PROMPT | What you return should be only the lines in the entries below between the one holding "- What You Get: BLUETTI" and the one holding "All of the risk", ends included, with every picture left out.

PROVIDED RECORDS |
################

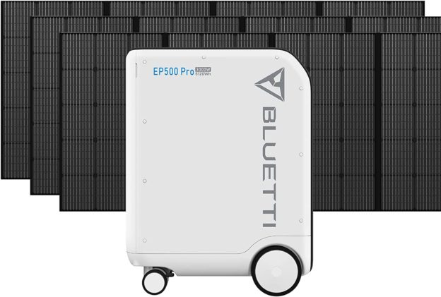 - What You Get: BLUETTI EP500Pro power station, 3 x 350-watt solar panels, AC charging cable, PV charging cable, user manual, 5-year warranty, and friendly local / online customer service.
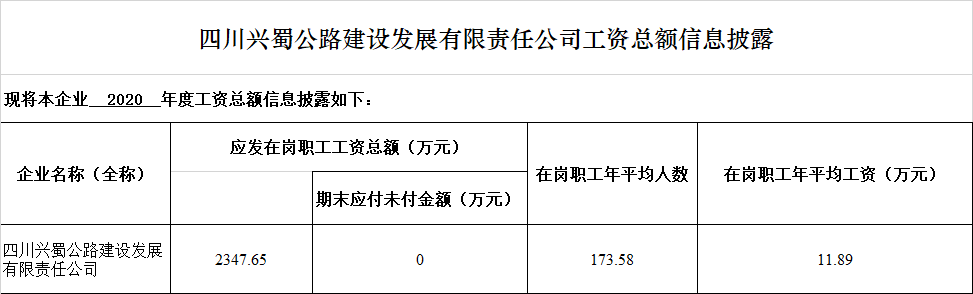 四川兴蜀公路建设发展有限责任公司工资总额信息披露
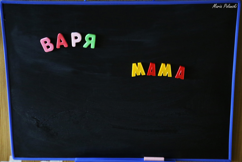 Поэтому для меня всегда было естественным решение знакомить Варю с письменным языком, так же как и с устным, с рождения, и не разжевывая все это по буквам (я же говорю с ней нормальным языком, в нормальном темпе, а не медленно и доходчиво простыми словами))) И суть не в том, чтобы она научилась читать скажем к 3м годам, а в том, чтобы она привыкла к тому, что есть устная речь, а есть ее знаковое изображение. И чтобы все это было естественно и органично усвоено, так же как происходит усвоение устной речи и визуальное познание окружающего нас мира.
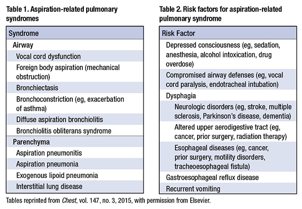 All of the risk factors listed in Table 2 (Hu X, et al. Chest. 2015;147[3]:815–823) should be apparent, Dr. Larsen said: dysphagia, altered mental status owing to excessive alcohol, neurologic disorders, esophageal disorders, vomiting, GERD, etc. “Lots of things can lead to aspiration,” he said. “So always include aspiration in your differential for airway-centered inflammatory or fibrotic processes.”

################

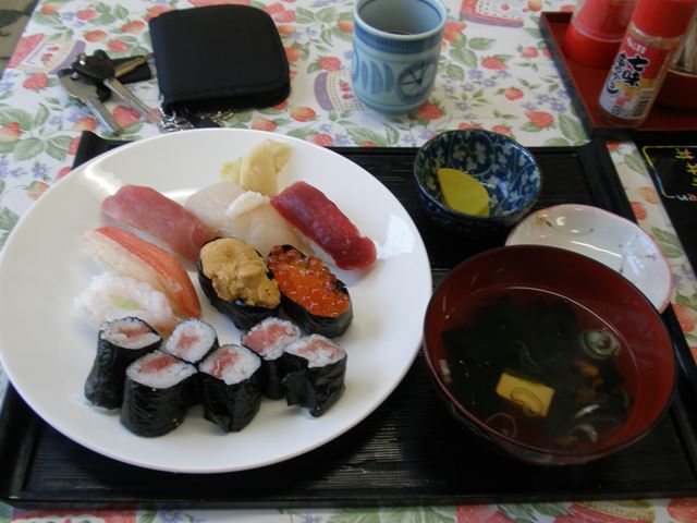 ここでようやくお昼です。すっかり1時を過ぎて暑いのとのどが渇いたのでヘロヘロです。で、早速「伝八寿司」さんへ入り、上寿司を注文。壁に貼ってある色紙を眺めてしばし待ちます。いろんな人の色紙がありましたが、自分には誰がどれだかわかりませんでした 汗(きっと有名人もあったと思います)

################

REPLY TO THE EXERCISE |
 - What You Get: BLUETTI EP500Pro power station, 3 x 350-watt solar panels, AC charging cable, PV charging cable, user manual, 5-year warranty, and friendly local / online customer service.
 四川兴蜀公路建设发展有限责任公司工资总额信息披露
 Поэтому для меня всегда было естественным решение знакомить Варю с письменным языком, так же как и с устным, с рождения, и не разжевывая все это по буквам (я же говорю с ней нормальным языком, в нормальном темпе, а не медленно и доходчиво простыми словами))) И суть не в том, чтобы она научилась читать скажем к 3м годам, а в том, чтобы она привыкла к тому, что есть устная речь, а есть ее знаковое изображение. И чтобы все это было естественно и органично усвоено, так же как происходит усвоение устной речи и визуальное познание окружающего нас мира.
 All of the risk factors listed in Table 2 (Hu X, et al. Chest. 2015;147[3]:815–823) should be apparent, Dr. Larsen said: dysphagia, altered mental status owing to excessive alcohol, neurologic disorders, esophageal disorders, vomiting, GERD, etc. “Lots of things can lead to aspiration,” he said. “So always include aspiration in your differential for airway-centered inflammatory or fibrotic processes.”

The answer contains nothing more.